YOUR TASK:
A verbatim repetition of the data below is requested, without images.

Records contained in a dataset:
______

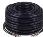
CB-24 SD 100m 3-in-1 Cable (SDI/ITC/CVBS)
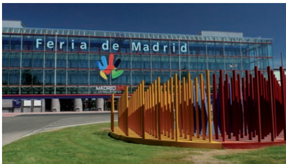
Juan Carlos I Fairgrounds.
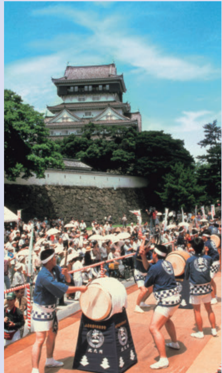
Kokura Gion Daiko Festival

The Gion festival started originally to worship the Hindu deity, with prayers to expel epidemics. Gion is the Chinese name of the Indian Jetavana Buddhist Monastery, which was built on the outskirts of Sravasti, the capital of ancient Kosala state, which is Saheth in U.P. State now. The Guardian Deity of Jetavana monastery is Gosheersh, who has the sacred power to expel epidemics. The legend of Gosheersh was introduced together with Buddhism into Japan. When epidemics raged throughout entire Kyoto , people prayed to Gosheersh, the Guardian Deity of Gion , for countering epidemics, by marching with 66 tall spears. This Gion Festival was introduced to Kokura City in 1617 by Tadaoki Hosokawa, the first lord of Kokura Castle, to wish for the good health and prosperity of his people. Since Taiko drumming was said to be included later on, it came to be known as Kokura Gion Daiko Festival. The festival was designated by Fukuoka Prefecture as Intangible Cultural Property in 1958 and is considered one of the three big Gion festivals in Fukuoka along with the Hakata and Tobata festivals.
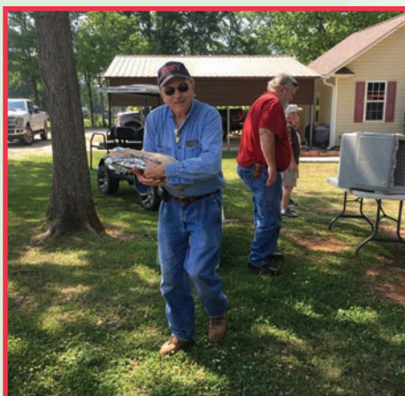
Members of the community buy donated ribs from Bubba's to help pay to ship the container from Georgia, USA to Liberia.
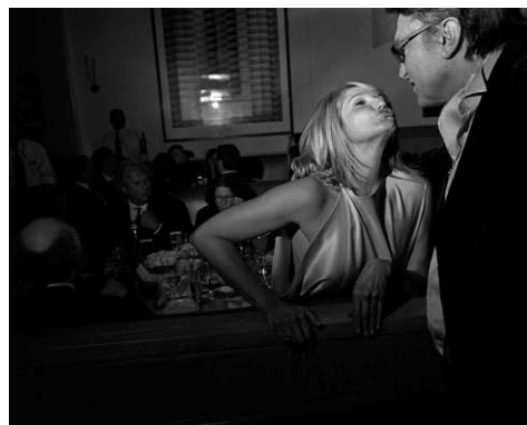
2) Ellen Barkin, LA, 2/2004
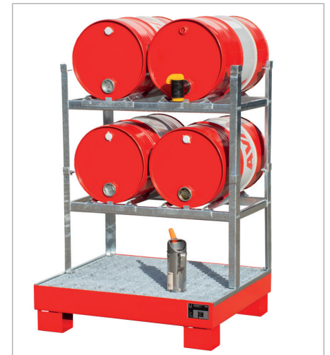
AW 60-2 + GR 60-2 + 2xAG 60-2 + 4xFA 60-A
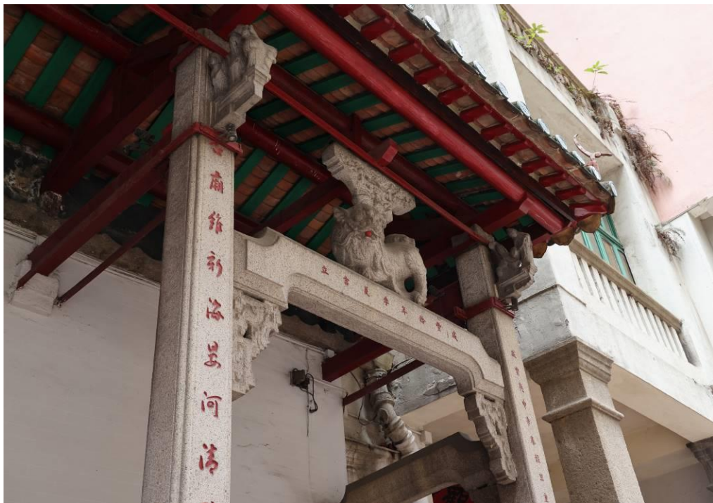
Square granite columns connected by “prawn beam” (蝦弓樑) (prawn-shaped tie beam) that features finely carved granite geja (隔架).
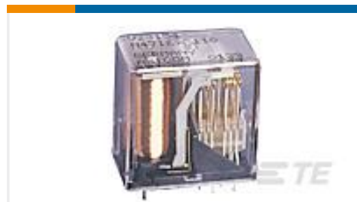
TE Part #3-1393812-8 V23054D 3B110

______

ANSWER AREA:
CB-24 SD 100m 3-in-1 Cable (SDI/ITC/CVBS)
Juan Carlos I Fairgrounds.
Kokura Gion Daiko Festival

The Gion festival started originally to worship the Hindu deity, with prayers to expel epidemics. Gion is the Chinese name of the Indian Jetavana Buddhist Monastery, which was built on the outskirts of Sravasti, the capital of ancient Kosala state, which is Saheth in U.P. State now. The Guardian Deity of Jetavana monastery is Gosheersh, who has the sacred power to expel epidemics. The legend of Gosheersh was introduced together with Buddhism into Japan. When epidemics raged throughout entire Kyoto , people prayed to Gosheersh, the Guardian Deity of Gion , for countering epidemics, by marching with 66 tall spears. This Gion Festival was introduced to Kokura City in 1617 by Tadaoki Hosokawa, the first lord of Kokura Castle, to wish for the good health and prosperity of his people. Since Taiko drumming was said to be included later on, it came to be known as Kokura Gion Daiko Festival. The festival was designated by Fukuoka Prefecture as Intangible Cultural Property in 1958 and is considered one of the three big Gion festivals in Fukuoka along with the Hakata and Tobata festivals.
Members of the community buy donated ribs from Bubba's to help pay to ship the container from Georgia, USA to Liberia.
2) Ellen Barkin, LA, 2/2004
AW 60-2 + GR 60-2 + 2xAG 60-2 + 4xFA 60-A
Square granite columns connected by “prawn beam” (蝦弓樑) (prawn-shaped tie beam) that features finely carved granite geja (隔架).
TE Part #3-1393812-8 V23054D 3B110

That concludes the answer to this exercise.